Joel Baxter
Joel Baxter

Reputation: 43

Chrome extension doing a download can't always specify file extension?

I'm trying to make a Chrome extension that thru chrome.downloads.download can initiate a download and specify the filename of the resulting local file -- in particular, specifying the file extension of the downloaded result.

If the server advertises a content-type of application/octet-stream for this file, this works fine.

However if the server advertises some other content-type (for example application/zip), then the download object is set to have that MIME type, and the downloaded file name is forced to have a related extension (for example ".zip") instead of the one I specified.

I've tried using onHeadersReceived to change the content-type in the incoming headers, forcing it to application/octet-stream, but the download object still ends up having the original MIME type and the file extension is still forced.

Using chrome.downloads.onDeterminingFilename to "suggest" my desired filename+extension also does not help prevent the forced extension. I've disabled all other extensions and also checked to see if onActionIgnored ever fires (it does not). I finally added logging for all other webRequest callbacks to see if there's any other behavior that could explain the difference between the successful and failed cases, but this content-type/mimetype issue seems to be the culprit.
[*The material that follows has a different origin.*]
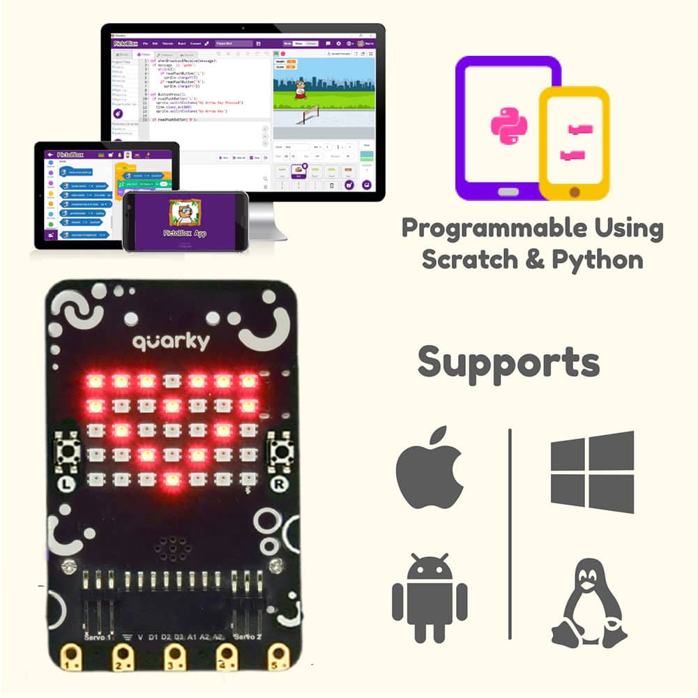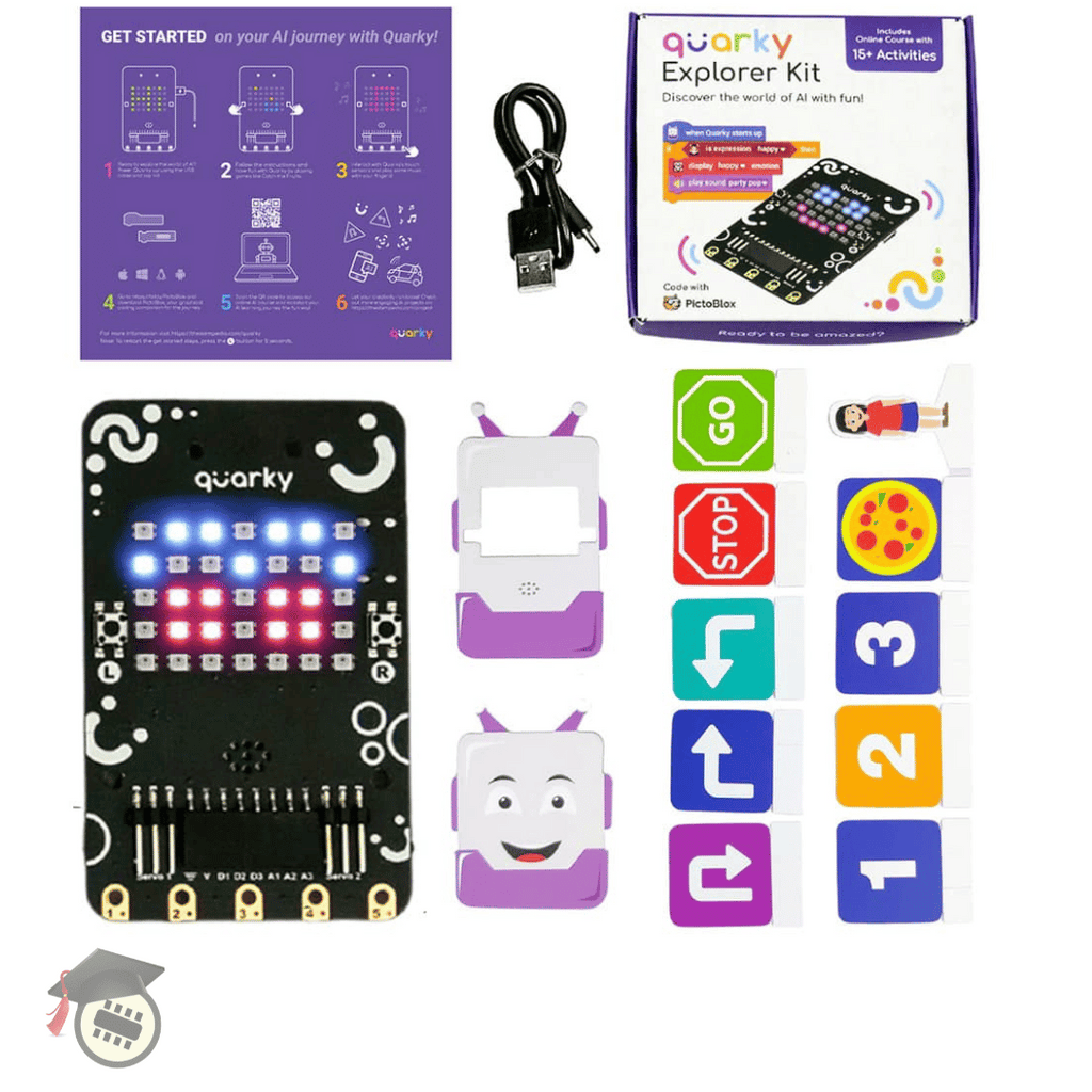• Interactive Self-learning Online Courses: Enhance your learning experience with versatile online courses offered with Quarky Kit for free! [1 on graphical programming and 1 on python programming]
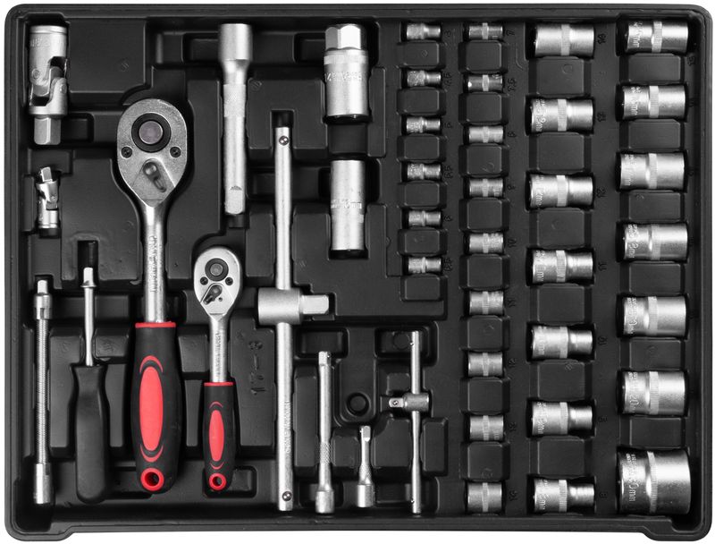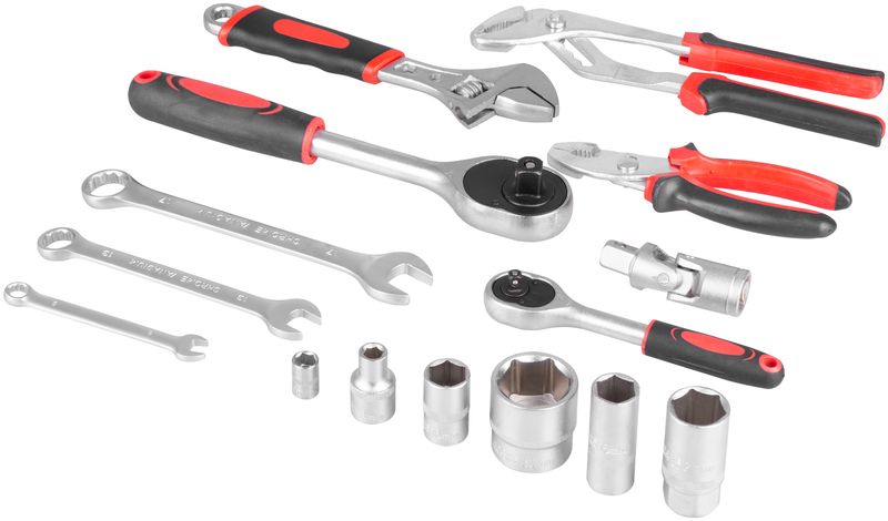 - Include tubulare, chei, biți și șurubelnițe pentru majoritatea aplicațiilor uzuale

This is with an unpacked extension loaded into Chrome 84.0.4147.89 on Linux (elementary OS, an Ubuntu variant). I'll get into more details about the extension code below, but I'm thinking there's probably just something about the flow of how download objects are created which either a) makes doing this impossible or b) means that I need to do it in some other way.

Thanks for any help!

Here's the manifest of my test extension:

{
    "name": "Test DL Rename",
    "version": "1.0",
    "manifest_version": 2,
    "description": "Add a file extension to the name of a download.",
    "background": { 
      "scripts": ["background.js"],
      "persistent": true
    },
    "permissions": [
      "contextMenus",
      "downloads",
      "webRequest",
      "webRequestBlocking",
      "<all_urls>"
    ]
}

Here's the background.js with all the debugging chattiness stripped out:

const CONTEXT_MENU_ID = "TEST_DL_RENAME";

// add our thing to the context menu for links
chrome.contextMenus.create(
  {
    id: CONTEXT_MENU_ID,
    title: "Test DL Rename",
    contexts: ["link"]
  }
);

// test download-renaming by adding ".qz" extension to downloaded file
chrome.contextMenus.onClicked.addListener(
  function(info, tab) {
    if (info.menuItemId !== CONTEXT_MENU_ID) {
      return;
    }
    filename = info.linkUrl.substring(info.linkUrl.lastIndexOf('/') + 1);
    qzFilename = filename + ".qz";
    console.log("specifying name for download: " + qzFilename);
    chrome.downloads.download(
      {
        url: info.linkUrl,
        filename: qzFilename,
        conflictAction: "uniquify"
      },
      function(downloadId) {
        console.log("started download ID " + downloadId);
      }
    );
  }
);

// test setting content-type on a received download
chrome.webRequest.onHeadersReceived.addListener(
  function(details) {
    // if doing this for real, we'd track which URLs we actually want to change
    // for now just change anything that is a zipfile
    if (details.url.split('.').pop() != "zip") {
      return {};
    }
    for (var i = 0; i < details.responseHeaders.length; i++) {
      if (details.responseHeaders[i].name.toLowerCase() == "content-type"){
        console.log("forcing content-type to application/octet-stream");
        details.responseHeaders[i].value = "application/octet-stream";
        break;
      }
    }
    return {
      responseHeaders: details.responseHeaders
    };
  },
  {
    urls: ["<all_urls>"]
  },
  ["blocking", "responseHeaders"]
);

And these are the files I'm using to run my tests currently. If I right-click on "test with octet-stream MIME type" and choosing "Test DL Rename", that results in a download named "test.zip.qz" as desired. Right-clicking on "test with zip MIME type" results in "test-mime.zip.zip" rather than "test-mime.zip.qz".

Upvotes: 4

Views: 2301

Answers (1)

woxxom
woxxom

Reputation: 73566

Looks like an intended restriction in Chrome's handling of downloads to ensure "safety", which you can contest on https://crbug.com by advocating your use case.

Meanwhile, download the blob yourself and change its type:

chrome.contextMenus.onClicked.addListener(async ({linkUrl: url}) => {
  const blob = await (await fetch(url)).blob();
  const typedBlob = blob.type === 'application/octet-stream' ? blob :
    new Blob([blob], {type: 'application/octet-stream'});
  chrome.downloads.download({
    url: URL.createObjectURL(typedBlob),
    filename: url.substring(url.lastIndexOf('/') + 1) + '.qz',
    conflictAction: 'uniquify',
  });
});

P.S. Now that you don't need webRequest API you can use "persistent": false in manifest.json (FWIW there's a way though to use both at the same time by putting webRequest into optional_permissions, see the documentation).